DATA EXCERPT ::
━━━

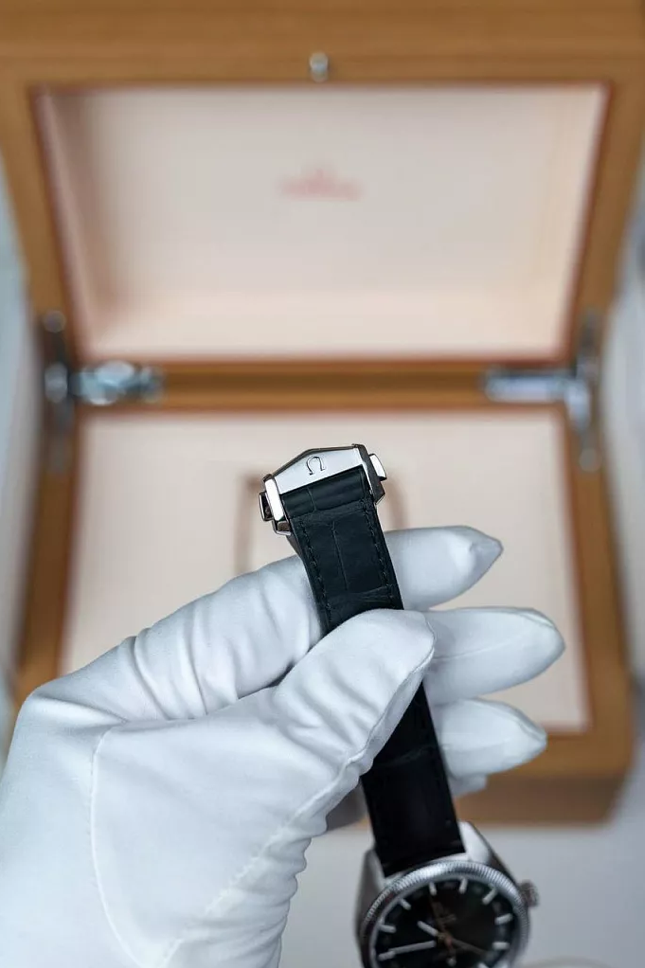 Материал ремешка/браслета: темно-зеленый из кожи аллигатора, ширина 20 мм. Браслетная застежка с гравированной эмблемой Omega
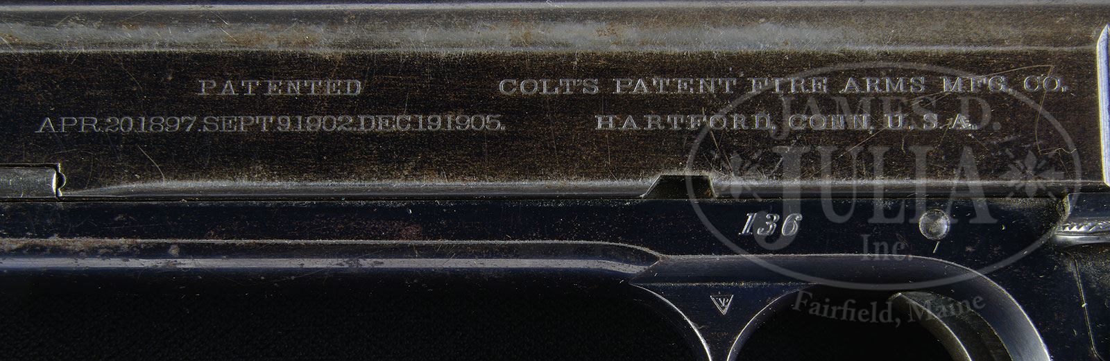 *RARE COLT MODEL 1905 SEMI-AUTO PISTOL & RARE AUDLEY HOLSTER THAT BELONGED TO ELMER KEITH.SN 136. Cal. .45 ACP. Blue finish with 5″ bbl & orig fixed sights. Slide has standard markings & Rampant Colt in a circle on the left rear. Mounted with diamond checkered walnut grips. Top screw of left grip is missing. Accompanied by one orig all blue magazine. Also accompanied by a rare Audley brown leather holster with long drop belt loop and an unusual flap attached to a brass wire through the belt loop which secures over a brass stud on front of holster. Inside the holster has a spring loaded nickel-plated brass lock button which secures through the trigger guard with the pistol firmly seated and keeps the pistol secure until depressed. Only about 6,100 of these pistols were produced 1905-1911 and were the forerunner of the incredibly durable Colt Model 1911 Semi-Auto pistol. These pistols were without a manual safety, relying only on the safety notch of the hammer, a situation which was remedied in the later models with the addition of both grip & thumb safety. Mr. Keith wrote several times about testing the .45 automatic for long range target shooting & hunting. It seems likely that he would have used this pistol during those tests and would have tested various hand loads in the process. PROVENANCE: The Elmer Keith Estate Collection. CONDITION: Very good to fine. Overall retains 65-75% orig blue showing heavy holster wear & thinning on the slide. Right front side of the slide, by the wedge slot, has a small crack, probably from overpowered loads by Mr. Keith. Front edge of slide on both sides has fine pitting. Hammer retains strong case colors & the trigger about 50% fire blue. Grips are sound showing moderate wear with the aforementioned missing screw. Mechanics are fine, strong bore with good shine & light pitting. Magazine shows moderate wear & retains about 75% orig finish. Holster is sound with light nicks & scuffs and retains most of its orig russet brown finish. 4-48012 JR254 (4,000-7,000) – Lot 1017
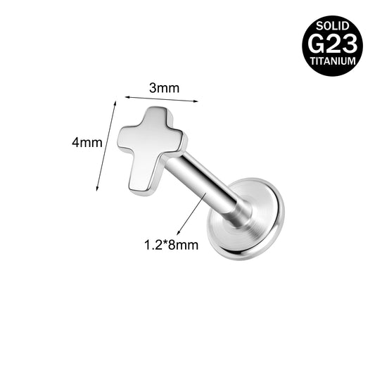 16g G23 Titanium Labret Ring Cross Stud Earring Threaded Conch Helix Lip Piercing
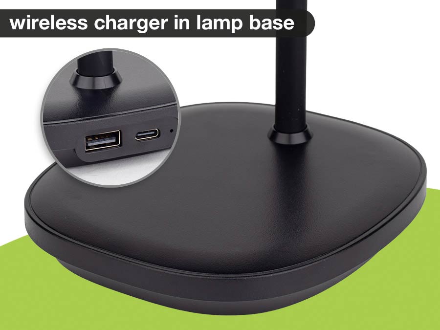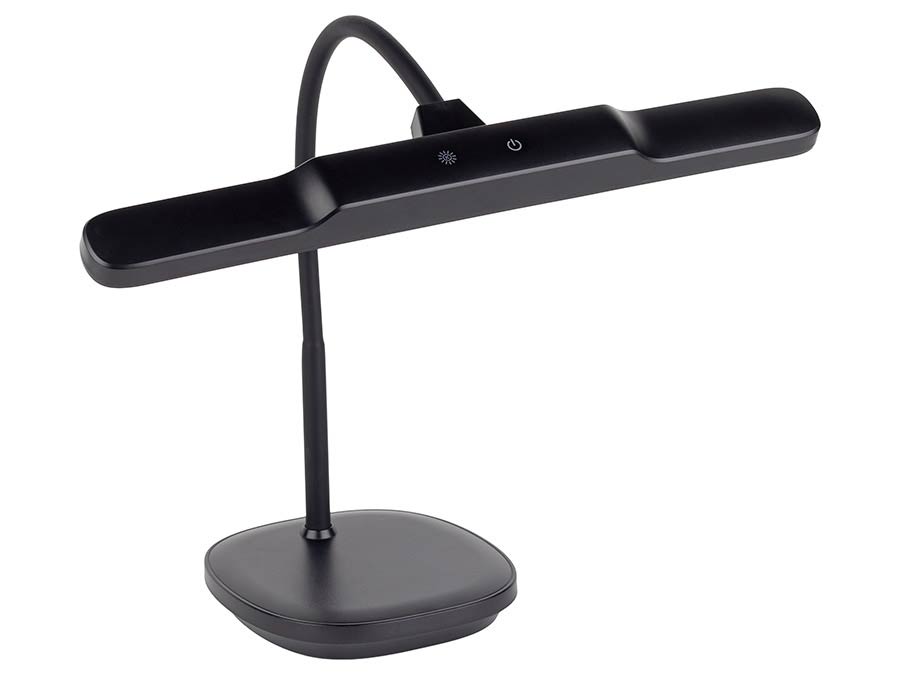 piano LED lamp, adjustable brightness, warm white, black housing, USB charger output 5V. 1A

━━━

WHAT YOU ARE ASKED TO DO ::
Apart from the images, every line above needs to be printed again exactly.

SOLUTION FOR THIS TASK ::
 Материал ремешка/браслета: темно-зеленый из кожи аллигатора, ширина 20 мм. Браслетная застежка с гравированной эмблемой Omega
 *RARE COLT MODEL 1905 SEMI-AUTO PISTOL & RARE AUDLEY HOLSTER THAT BELONGED TO ELMER KEITH.SN 136. Cal. .45 ACP. Blue finish with 5″ bbl & orig fixed sights. Slide has standard markings & Rampant Colt in a circle on the left rear. Mounted with diamond checkered walnut grips. Top screw of left grip is missing. Accompanied by one orig all blue magazine. Also accompanied by a rare Audley brown leather holster with long drop belt loop and an unusual flap attached to a brass wire through the belt loop which secures over a brass stud on front of holster. Inside the holster has a spring loaded nickel-plated brass lock button which secures through the trigger guard with the pistol firmly seated and keeps the pistol secure until depressed. Only about 6,100 of these pistols were produced 1905-1911 and were the forerunner of the incredibly durable Colt Model 1911 Semi-Auto pistol. These pistols were without a manual safety, relying only on the safety notch of the hammer, a situation which was remedied in the later models with the addition of both grip & thumb safety. Mr. Keith wrote several times about testing the .45 automatic for long range target shooting & hunting. It seems likely that he would have used this pistol during those tests and would have tested various hand loads in the process. PROVENANCE: The Elmer Keith Estate Collection. CONDITION: Very good to fine. Overall retains 65-75% orig blue showing heavy holster wear & thinning on the slide. Right front side of the slide, by the wedge slot, has a small crack, probably from overpowered loads by Mr. Keith. Front edge of slide on both sides has fine pitting. Hammer retains strong case colors & the trigger about 50% fire blue. Grips are sound showing moderate wear with the aforementioned missing screw. Mechanics are fine, strong bore with good shine & light pitting. Magazine shows moderate wear & retains about 75% orig finish. Holster is sound with light nicks & scuffs and retains most of its orig russet brown finish. 4-48012 JR254 (4,000-7,000) – Lot 1017
 16g G23 Titanium Labret Ring Cross Stud Earring Threaded Conch Helix Lip Piercing
 piano LED lamp, adjustable brightness, warm white, black housing, USB charger output 5V. 1A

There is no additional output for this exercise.